Select a level... Basic Intermediate

By breathing out, we are simply returning to the air the same CO2 that was there to begin with.

Climate Myth...

Breathing contributes to CO2 buildup

"Pollution; none of us are supporting putting substances into the atmosphere or the waterways that might be pollutants, but carbon dioxide is not a pollutant. If Senator Wong was really serious about her science she would stop breathing because you inhale air that's got 385 parts per million carbon dioxide in it and you exhale air with about ten times as much, and that extra carbon comes from what you eat. So that is absolute nonsense." (Ian Plimer)

At a glance

We, and almost all of our relatives in the animal kingdom, are aerobic. That means we all depend on this simplified equation in order to function:

glucose + oxygen → carbon dioxide + water + energy

We breathe in oxygen and that oxidises carbohydrates in our body's cells. That chemical reaction gives us the energy required to perform all the varied tasks we do, from blinking to running a marathon. The products of the process are carbon dioxide and water. While the air we breathe in contains just under 420 ppm CO2, what we breathe out contains 40,000-50,000 ppm CO2, a hundredfold increase due to the simplified equation above.

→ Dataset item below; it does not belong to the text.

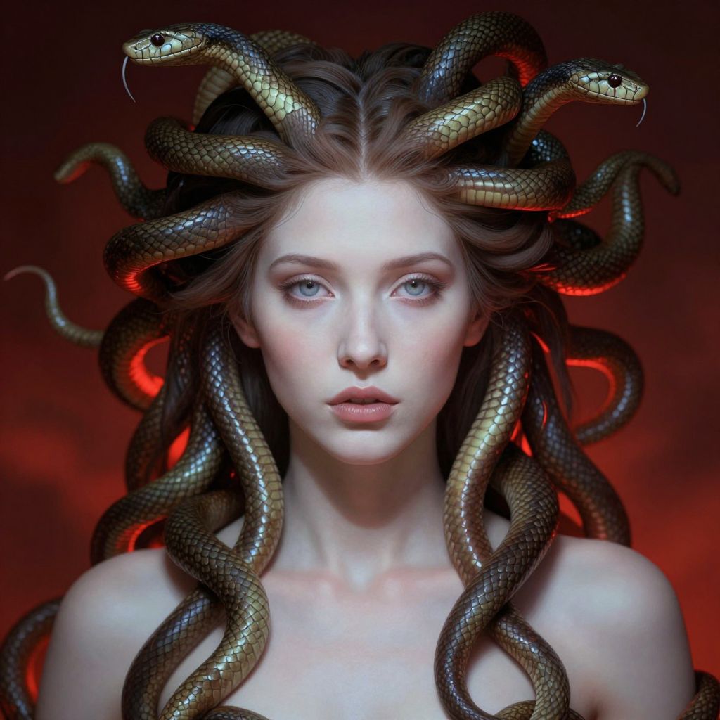 Digital artwork of a pale, blue-eyed woman with long, wavy brown hair entwined by multiple snakes, against a dark red background. Her

Because we are breathing constantly, this rapid gas-exchange with our surroundings is also constant and, while each of us live, is perpetual. We are part of the fast carbon cycle that involves the movements of carbon through the living world. Of course, the living world also includes plants. Plants take in carbon dioxide to react in the presence of sunlight with the water in their cells. That, in a nutshell, is photosynthesis, the process responsible for the plant-based carbohydrates we eat.

We are vastly outnumbered in terms of carbon biomass by the plant kingdom. Of the estimated nearly 500 billion tonnes of biomass carbon on Earth, the animals account for just 0.4% whilst the plants represent 90%. No wonder that the graphs of measured CO2 levels show an annual fluctuation, forming a symmetrical wobble. The wobble represents the Northern Hemisphere seasons because that's where most of Earth's land masses are found. In the growing season when the plants are busy photosynthesising, CO2 falls, only to rise again in the dormant season. The annual wobble is like the heartbeat of the planet, a regular rhythm along the rising slope that represents our emissions from fossil fuel burning.

Let's imagine a world without fossil fuel-burning. The annual wobble from the seasonal growth and dormancy of plants would be superimposed upon a near-flatline of CO2 levels over human lifetimes. Only occasional events, occurring over tens of thousands to many millions of years, would perturb that near-flatline. That's because there is a second, slow carbon cycle that operates over geological time-scales. In the geologic past, sudden changes in CO2 levels have occurred, primarily due to volcanism on a scale no human, living or dead, has ever witnessed. The fossil record tells us the outcome has never been good.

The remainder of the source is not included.